Maternity Leave Rights

Knowing your maternity leaves rights is especially important in the USA since no one policy covers it. Most other developed countries have a specific policy with pay, but they may not have the compensatory policies listed earlier. So, in those countries, though their job becomes protected during those first two years after childbirth, they may not receive the other job protections found in the USA. A person can research their rights at the U. S. Equal Employment Opportunity Commission known as the EEOC website. Under the pregnancy discrimination act, it describes protections and other related laws. It offers resources and contact information.

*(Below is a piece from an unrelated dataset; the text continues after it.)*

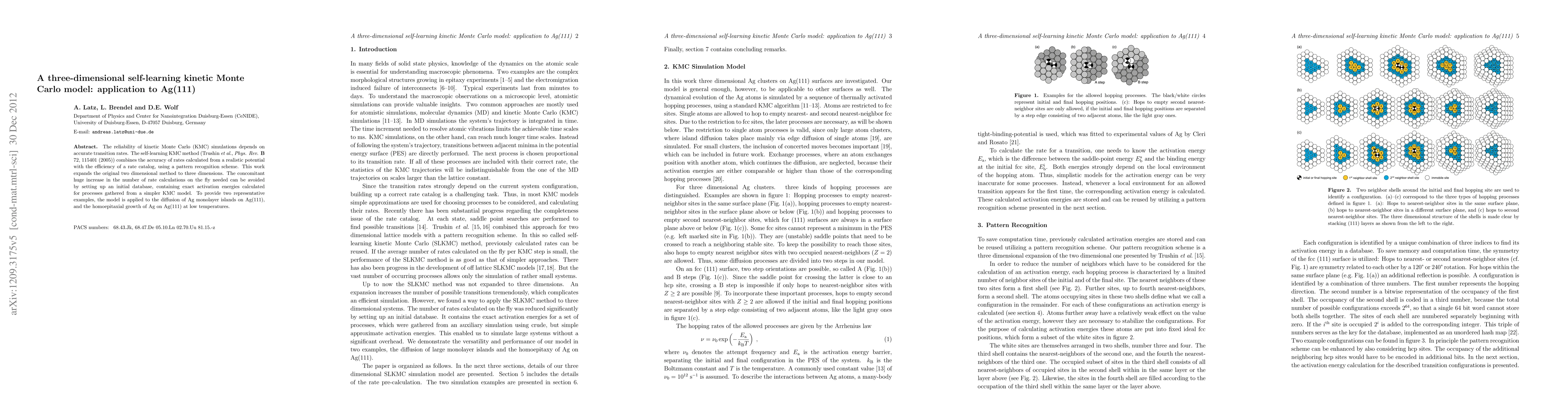 This paper introduces a three-dimensional self-learning kinetic Monte Carlo (KMC) model that enhances simulation efficiency through an initial database of exact activation energies, applied to study the diffusion of Ag islands and the homoepitaxial growth of Ag on Ag(111) surfaces. The method merges accurate transition rates with an efficient rate catalog using pattern recognition.

Other options exist once the STD benefits exhaust as well as the vacation time, sick and personal days. If you still wish to remain home with your baby, talk to human resources. Check to see if you can take an unpaid leave of absence or an unpaid disability leave. An increasing option due to technology has been telecommuting and working from home for a period of time.

Maternity Leave Policy

Only about 16 percent of private employers give paid maternity leave programs. Contract and unionized female employees often have different maternity leave policies. If not a solid policy at the place of employment try negotiating a deal especially at a small company. Check with local temporary employment services for a person who could cover your position while you are on leave. If your employer does fund a maternity leave policy, understand in many ways it is treated like a regular paycheck with insurance premiums and taxes withheld. If the maternity leave stems from disability benefits, get a clarification from human resources. IN some cases, if the employer pays the insurance premiums, it lists as a taxable benefit. If the employee pays for the disability the benefits are tax-free. Working part time remains an option as well. Know it can affect the level of money for the maternity leave depending on who is funding it. Do some research. Make a plan that works with your life. Understand your rights.

Difference Between Maternity Leave and Short-Term Disability (STD)

If pregnancy is defined as a short term disability, then it becomes paid leave while recovering from childbirth. An STD can cover 100  percent of a maternity leave if the employee paid insurance premiums. Sometimes an STD only covers a portion of a person’s salary. Often unions and employers offer STD insurance policies. Many do not announce as possible maternity leave since technically pregnancy is not a disability, but the option exists in the policy. So, check with the employer and the union if a pregnancy clause exists. STD payments require a medical certification from a health care provider. If considering adoption know that STD will not pay for a leave for that.

Other items to check are how it impacts your seniority at work, whether you can continue to pay into a 401(k) or reimbursement of the money if you do not return from a leave. Once you make your plan for the leave, and how to fund it, get it in writing the do’s and don’ts.